Complementing the understanding of the political situation is an appreciation of 18th century society. Again, I cannot be sure, but the presentation is persuasive. There is, for example, the account of a dinner in Roger’s home:

For a first course Lady Marie gave them a dish of perch and trout, another of lobster patties, three fowls broiled, a fore-quarter of lamb, and a fillet of veal roasted with Morella Cherries and truffles. And for a second course, sweetbreads, a green goose roasted and peas, a pigeon pie, apricot tart, cheesecakes, and a trifle. … The meal was good, but by no means pretentious as nine dishes to each course were often served in larger houses and even when alone few of those present ever sat down in their own homes to a dinner of less than a single course of five.

The Launching of Roger Brook, chapter 3, Kindle edition.

There are duels, and the etiquette governing them, without which no 18th century yarn is complete.

‘… We cannot fight like this. If one of us were killed the other would be taken for murder. If fight we must at least proceed like gentlemen and arrange a proper duel with seconds as witnesses, in the morning.’

The Launching of Roger Brook, chapter 8, Kindle edition.

‘… I intend to waylay him somewhere, disclose my true status to him, and call on him to fight a duel à outrance. My difficulty is that he may not believe me; and you are the only man in France who can convince him that I am of noble blood.’

The Launching of Roger Brook, chapter 21, Kindle edition.

The mixing of real and fictional characters helps too. At the dinner mentioned above is Edward Gibbon, whose Decline and Fall of the Roman Empire Roger has just read. The diplomat Talleyrand, one of the few men to serve both the French monarchy and republic, becomes Roger’s friend, and Fouché, later Napoleon’s Minister of Police, an enemy. The hapless and, in this account at least, well-meaning Louis XVI and Marie Antoinette attend a grand ball held by Roger’s employer. At one point Roger returns home and briefs Prime Minister William Pitt. The join between fiction and fact is invisible.

Dennis Wheatley, photographed in 1975 by Allan Warren (reproduced under the GNU Free Documentation License)

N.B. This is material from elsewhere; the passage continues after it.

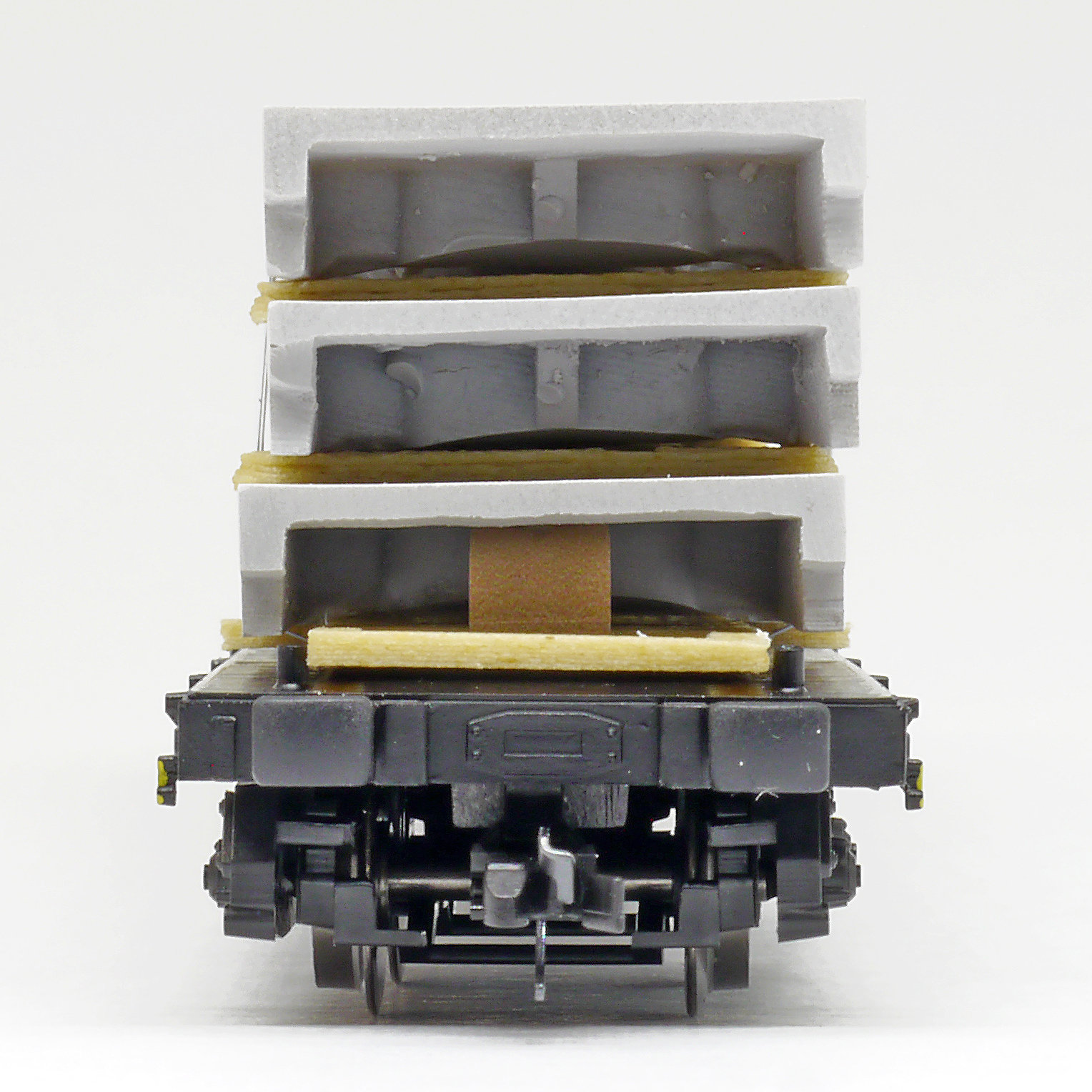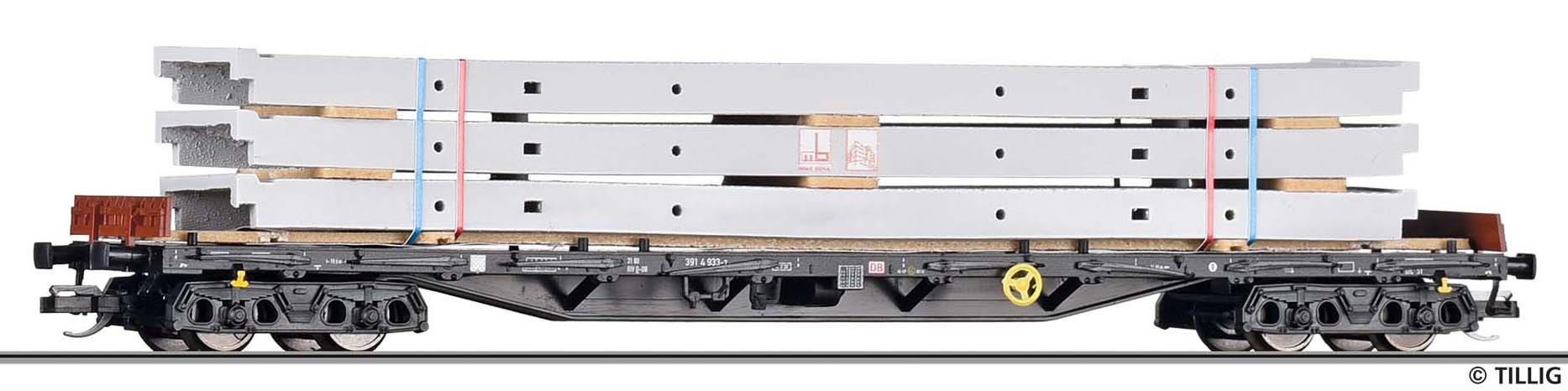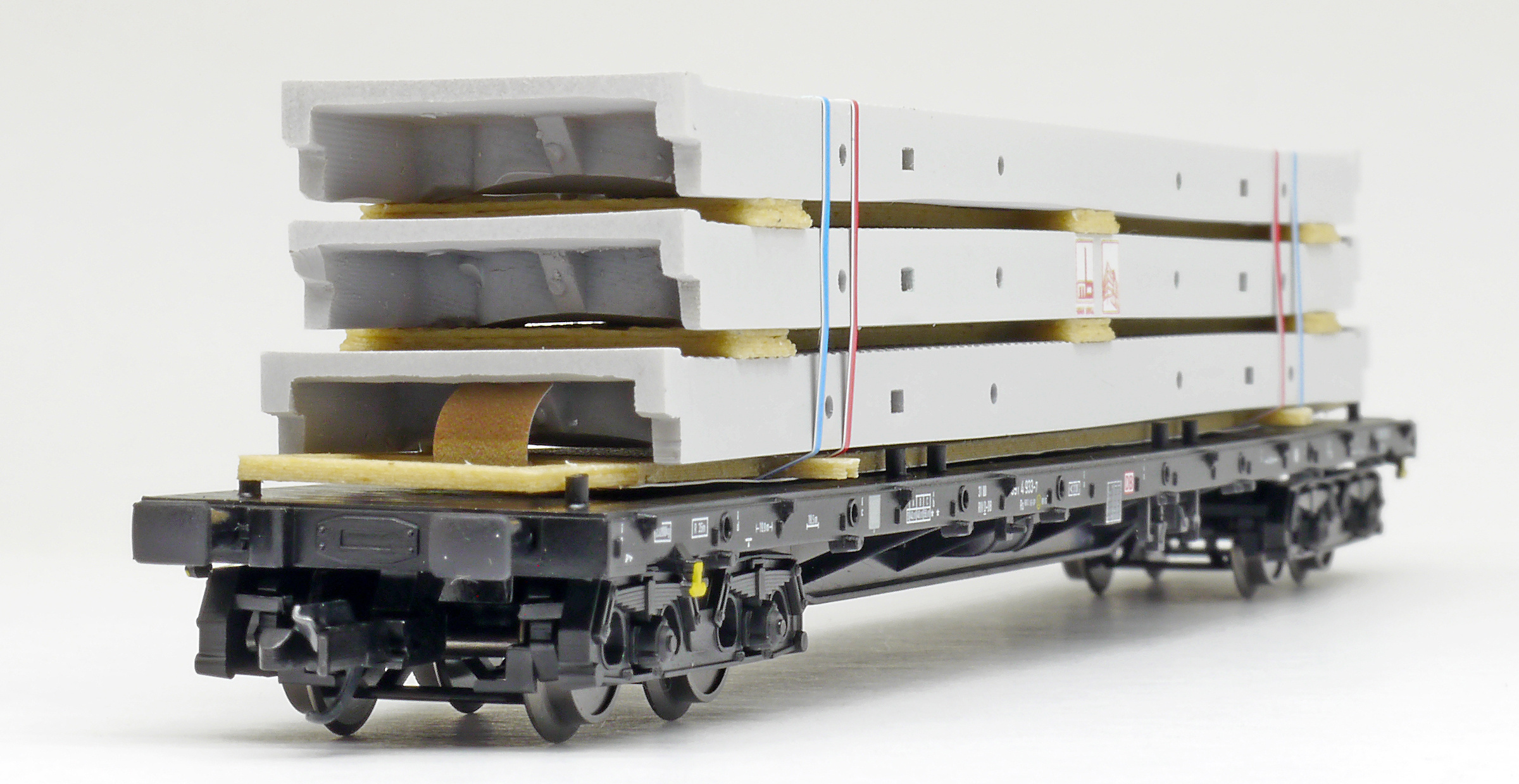 | nákladní plošinový vůz ložený korýtkovými stropními panely |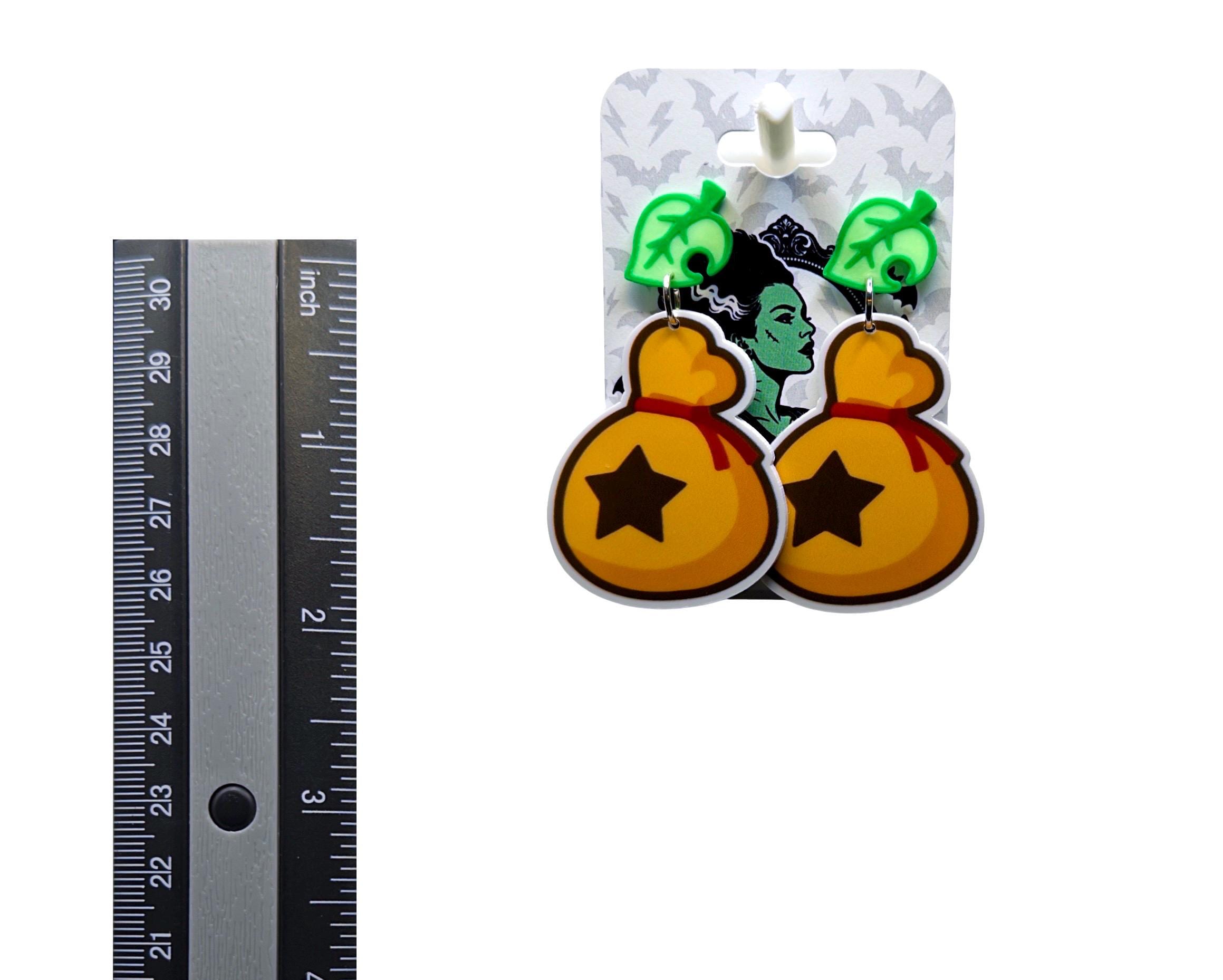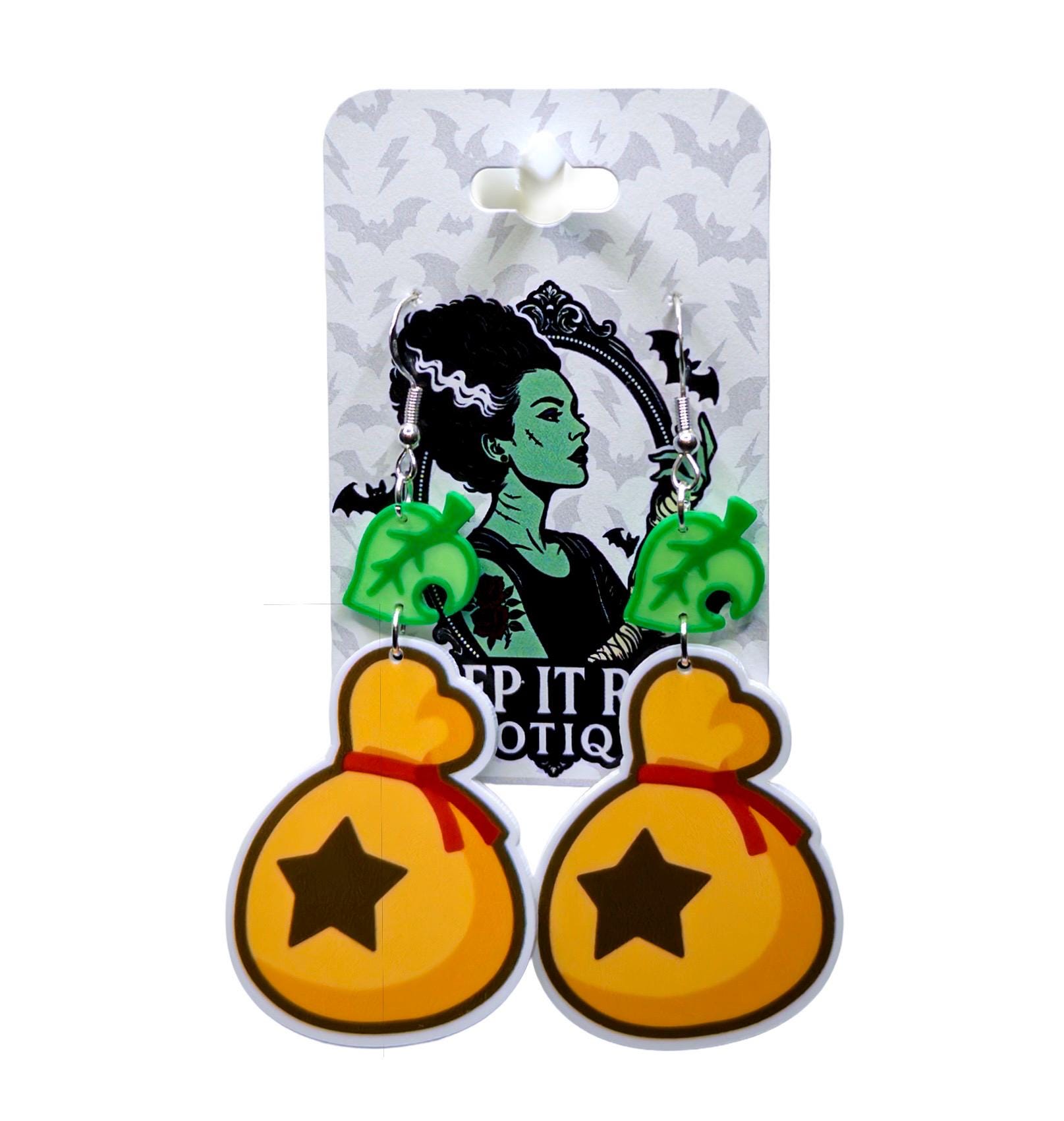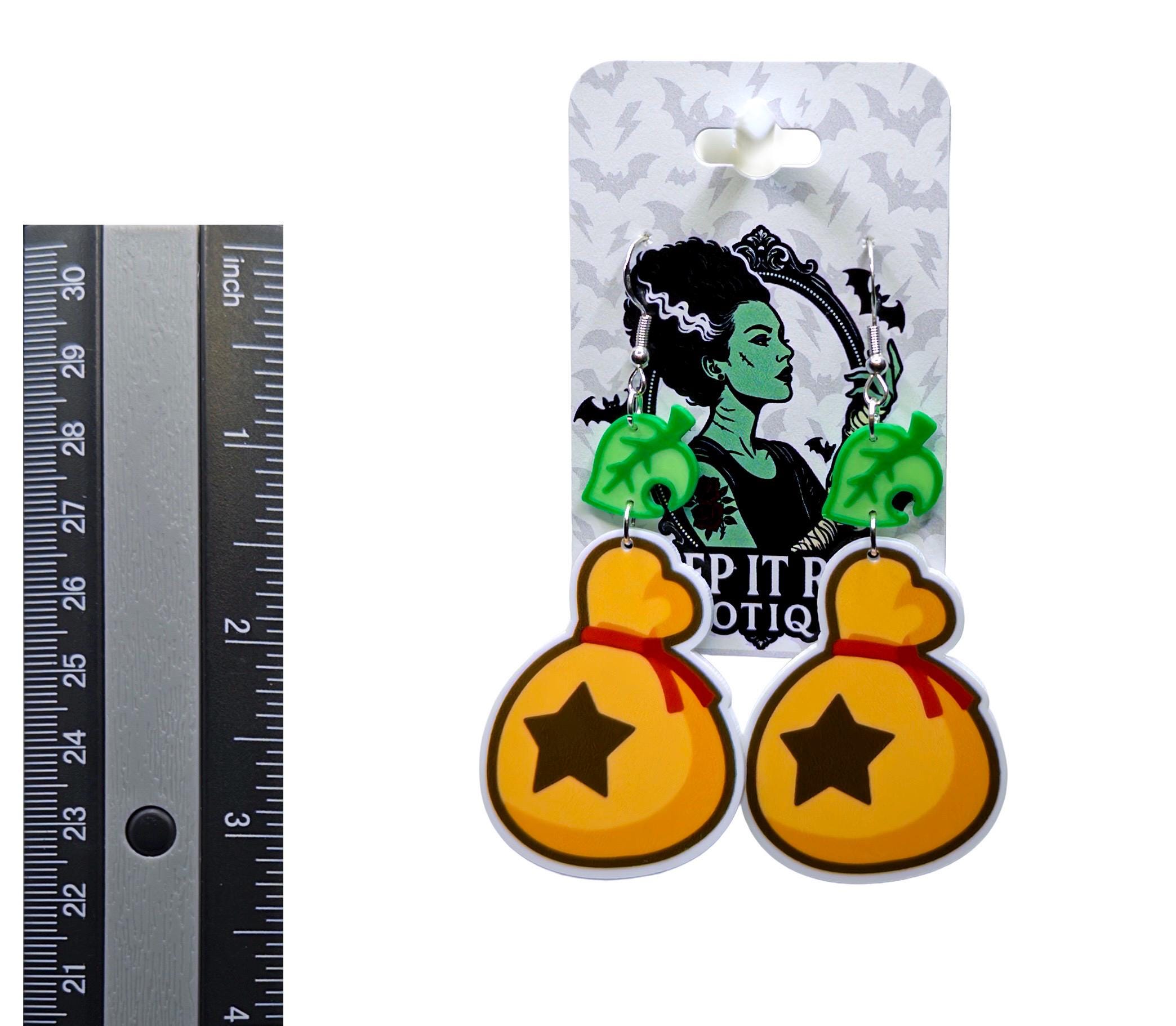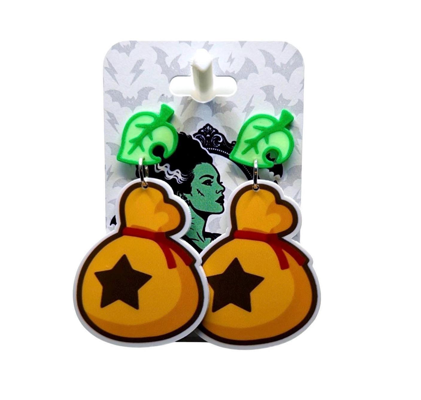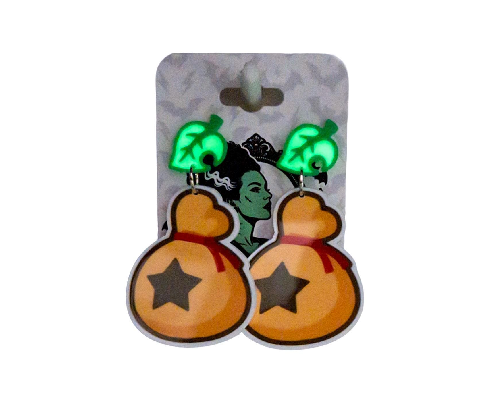 Level up your accessory game with these nostalgic, game-inspired statement earrings—featuring bold star coin bags and glow-in-the-dark leaf tops.

There can be too much of a good thing, of course, and this ripping yarn occasionally slows as detail obscures story. Roger’s journey to France, the brothel he is taken to, his adventures with Doctor Fénelon, a duel he fights – they all last a little too long. Perhaps Dennis Wheatley found it hard to omit any research, so fascinating was it. Or there may be a twist too many in the plot, as for example when Roger meets someone quite unexpected, which results in a couple of frantic chapters.

The unrestrained prose sometimes gets in the way too:

‘… You’re wondrous beautiful, and if I feel not love for you I know not what it is. Your kisses fire me as naught else has ever done, and I would give my life to protect your happiness.’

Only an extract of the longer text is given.